Notable legal-reporting winners, with IRE's judges' comments:
The IRE medal: "Mississippi Cold Case" — MSNBC; David Ridgen, Michael Hannan, Brad Clarke, Judith Greenberg, Scott Hooker
Judges' comments: This compelling documentary was aired by MSNBC and produced by David Ridgen of the Canadian Broadcasting Corporation. The piece impressed the judges for its creative vision, thorough reporting and dramatic results. By literally digging up the past, following every lead and hounding key witnesses and participants, the producer showcased how original investigative reporting can solve cases. And by stirring up the interest of federal prosecutors, the piece also led to the prosecution of a key perpetrator of a long-forgotten murder of two African American men in 1964. By highlighting the emotional journey of the victim's brother, the film told a story of reconciliation that gave larger meaning and context to the investigation. The medal was awarded for the originality of the work and the use of old-fashioned shoe-leather reporting.

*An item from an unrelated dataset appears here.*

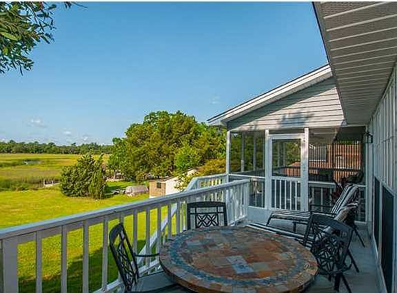 Nestled right off coburg creek this beautiful low country home has sweeping views of the intracoastal waterway and surrounding marshes!! a quiet paradise with a 150' dock and 8'x8' floater on sandy bay creek that owner says still has 1-2' of water at low tide. It's only a short jaunt to coburg creek which will have you out to the intracoastal in minutes. All this and you are only 5 minutes to downtown and 526. Location, location, location! The large lot has plenty of room for a pool and then some. Two large screened porches and a spacious deck complete with a natural gas line for your grill overlook the water and wildlife. As you walk in the house the first thing you'll notice is the abundant natural light and sunny vistas out the windows. The welcoming foyer leads you into the expansive and open living-dining-kitchen area. The entire back of the house is lined with windows allowing for panoramic landscapes from almost every room in the house! The family area has a gas fireplace and vaulted ceilings. Solid wood cabinets line the kitchen. The master suite is on the far side of the house away from the other two bedrooms allowing for privacy. Enjoy the views as you lay in bed or relax in the hammock on your secluded screened porch. Hardwood floors are throughout the main living areas. There is an elevator shaft. Underneath the house is parking for at least 3 cars. There is also a half bath and a "work out" room with a window unit. Plenty of storage and there is even a fishing sink to clean your fresh catch! Come see all that this home has to offer- you will not be disappointed!! buyers financing fell thru- their loss is your clients gain! Easy to see!

An IRE certificate in the small-newspaper category: The Wait of Conviction -- The Augusta (Ga.) Chronicle; Sandy Hodson
Judges' comments: This investigation uncovered the fact that many of the people convicted of serious crimes in Richmond County, Georgia, were not able to appeal their cases. By obtaining and reviewing hundreds of cases from a ten-year period, the reporter not only discovered a miscarriage of justice, but also affected change: the local judges responded with a promise to solve this serious problem. The piece was unique in that it focused on the administration of the justice system, not just the results of that system.
And, perhaps most encouraging of all, an IRE finalist in the student category is the University of Maryland's Capitol News Service, and reporter Anju Kaur, for reports on Maryland's flawed attorney-discipline system.
Congratulations to all.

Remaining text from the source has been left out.